Date:                       9-10 January 2016

                                

Venue:                    TBC York

 

Host:                       ACUK

 

Open to:                 ACUK Members only

 

Cost:                       £20

 

 

 

 

 

 

 

 

 

 

 

 

 

 

 

 

 

 

 

 

 

 

 

 

 

 

 

 

 

 

 

 

 

 

 

The event is restricted to ACUK Members only, though those wishing to attend may contact the Council in order to process their membership application at the same time.

 

Please contact info@atlanticcounciluk.co.uk to book your place or for more information.

 

 

 

 

 

 

Following the hugely successful Trident Workshop last year, the Atlantic Council of the United Kingdom is pleased to announce that it will be hosting this year's event in York. The event is open to ACUK members only, and will focus on the strategic implications of not only Trident renewal, but also the building political opposition to the UK's nuclear deterrent. In November 2015, the Chancellor George Osborne announced his intention to remove responsibility for the renewal from the Ministry of Defence, arguing that HM Treasury would be better placed and more competent to handle the process. When taken in the context of recent comments by General Sir Nick Houghton about his opposition to Jeremy Corbyn's stance on Trident, it exposes the depth of division within Government on the issue. 

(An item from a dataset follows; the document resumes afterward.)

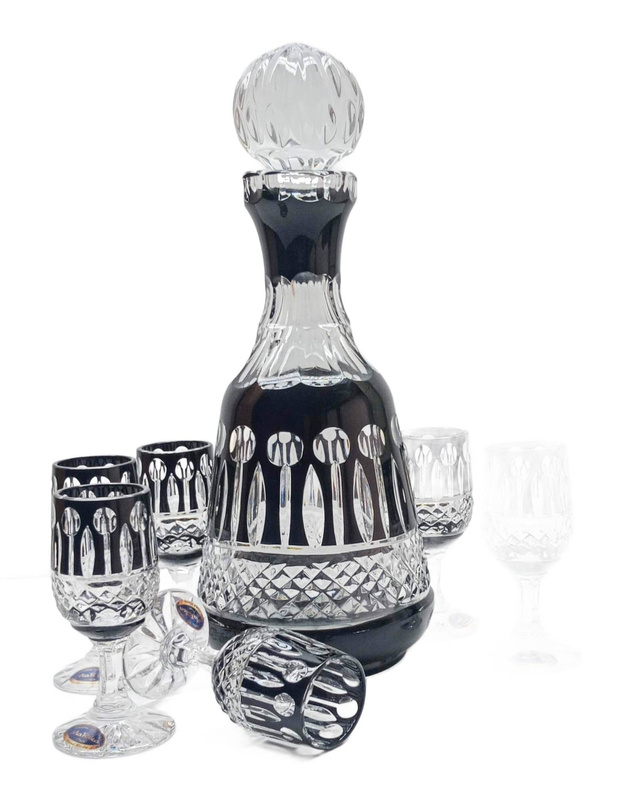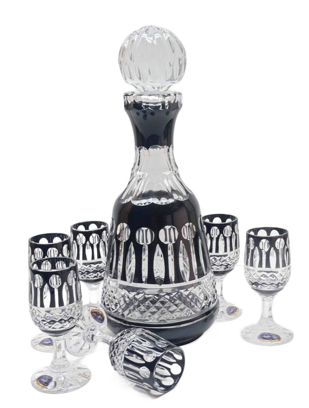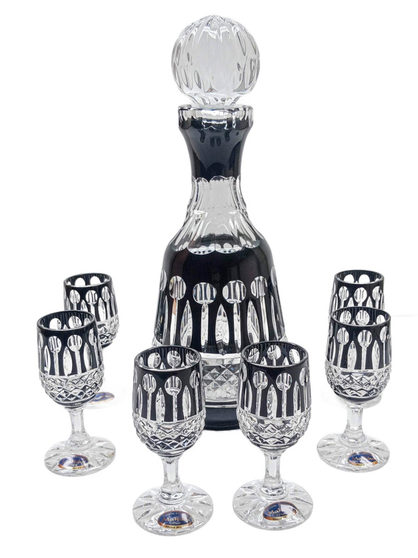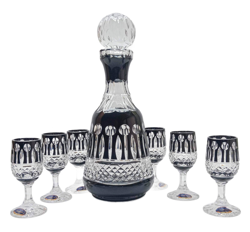 Czarny kryształowy zestaw Kieliszków z Karafką Francuski 6+1
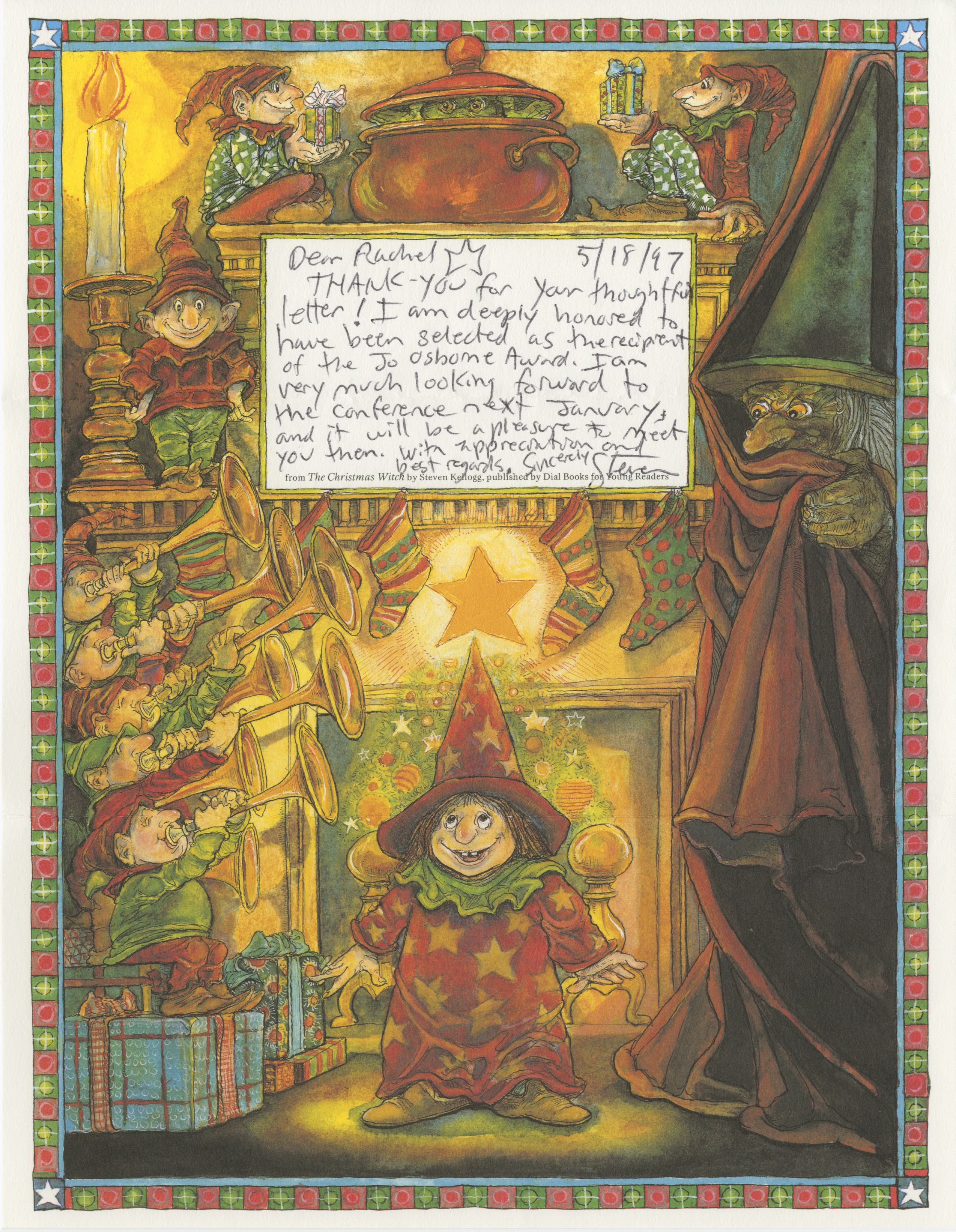 Shown here is a copy of a note sent from author and illustrator Steven Kellogg to Rachel Alexander, thanking her for her letter announcing his win of the Jo Osborne Award for Humor in Children's Literature for 1998. The note is handwritten on stationery decorated with Kellogg's illustrations.

With the nuclear deterrent and indeed defence in general no longer publicly perceived to be the preserve of politicians, officials and the military to decide upon, Trident renewal has become inextricably linked to wider issues. Scottish nationalism has at its heart a reconsideration of the merits of the deterrent on home soil. Austerity and the consequential reduction in real terms of the funding for our armed forces has likewise forced a reappraisal of the need for Trident renewal. The very fact that society is divided over a question that was once thought to be part of a discrete discource among defence professionals shows the extent to which NATO Allies need to be prepared to engage with the public and Civil Society spaces. Reasons, logics and assumptions must now be set out, or governments risk losing traction with the very publics they set out to serve altogether.